Acórdão nº 562/2002.C1 de Court of Appeal of Coimbra (Portugal), 12 de Dezembro de 2006
Magistrado Responsável | TELES PEREIRA |
Data da Resolução | 12 de Dezembro de 2006 |
Emissor | Court of Appeal of Coimbra (Portugal) |
Acordam na Secção Cível do Tribunal da Relação de Coimbra I – A Causa 1. A...
(A., neste recurso Apelado), menor, representado por sua mãe, B... [ A acção foi intentada inicialmente pela mãe do menor, em seu próprio nome. Posteriormente, correspondendo ao convite formulado, nos termos do artigo 265º, nº 2 do Código de Processo Civil, através do Despacho de fls. 34, foi apresentada uma nova petição (cfr. fls. 45/47) na qual figura como A. o próprio menor, representado por sua mãe (v. artigo 1869º do Código Civil).
], intentou, em 3 de Setembro de 2002, no Tribunal de Viseu (3º Juízo Cível), a presente acção ordinária, dirigindo-a contra C...
(R. , neste recurso Apelante) e pedindo o reconhecimento judicial de ser este (o R.) o seu (dele A.) pai. Logo na petição inicial – na qual alegou ser ele A. fruto das relações sexuais havidas entre a sua mãe e o R., concretamente das ocorridas entre Janeiro e Setembro de 1998[ O A. nasceu em 3 de Novembro de 1998, sendo que o respectivo “período legal da concepção” – ou seja, os primeiros 120 dias dos 300 que precederam o seu nascimento (artigo 1798º do Código Civil) – mediou entre 7/01/1998 e 6/05/1998.
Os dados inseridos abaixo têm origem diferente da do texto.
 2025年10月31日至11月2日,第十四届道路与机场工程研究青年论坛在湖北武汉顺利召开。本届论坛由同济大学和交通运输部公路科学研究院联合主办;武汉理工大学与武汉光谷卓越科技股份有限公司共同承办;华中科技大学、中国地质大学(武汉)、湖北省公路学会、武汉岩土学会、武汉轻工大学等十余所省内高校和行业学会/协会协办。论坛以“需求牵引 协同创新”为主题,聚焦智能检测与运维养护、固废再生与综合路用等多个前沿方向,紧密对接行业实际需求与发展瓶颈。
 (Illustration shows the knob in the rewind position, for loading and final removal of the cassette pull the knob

] – requereu a realização de “exames hematológicos” visando comprovar o vinculo biológico de paternidade do R. relativamente a ele.
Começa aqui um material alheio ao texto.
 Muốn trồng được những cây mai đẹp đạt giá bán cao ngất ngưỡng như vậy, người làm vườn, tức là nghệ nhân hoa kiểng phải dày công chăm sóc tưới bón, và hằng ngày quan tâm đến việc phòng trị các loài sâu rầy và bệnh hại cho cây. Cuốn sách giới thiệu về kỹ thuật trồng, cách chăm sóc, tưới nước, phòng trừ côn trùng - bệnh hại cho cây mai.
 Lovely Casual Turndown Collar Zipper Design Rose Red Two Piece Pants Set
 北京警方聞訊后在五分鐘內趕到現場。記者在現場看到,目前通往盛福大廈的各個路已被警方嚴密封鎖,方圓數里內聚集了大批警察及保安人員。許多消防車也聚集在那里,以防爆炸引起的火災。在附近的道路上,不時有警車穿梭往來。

O R. contestou (fls. 27/30), negando ter mantido “[…] quaisquer relações de sexo […]” com a mãe do A..
Culminando a fase dos articulados foi proferido Despacho Saneador, fixados os factos (então) assentes e elaborada a base instrutória (fls. 51/53), apresentando A. e R. os respectivos requerimentos de prova (cfr. fls. 56/57 e 60), tendo o A. reiterado o pedido de realização de prova pericial consubstanciada no mencionado “exame hematológico”.
1.1.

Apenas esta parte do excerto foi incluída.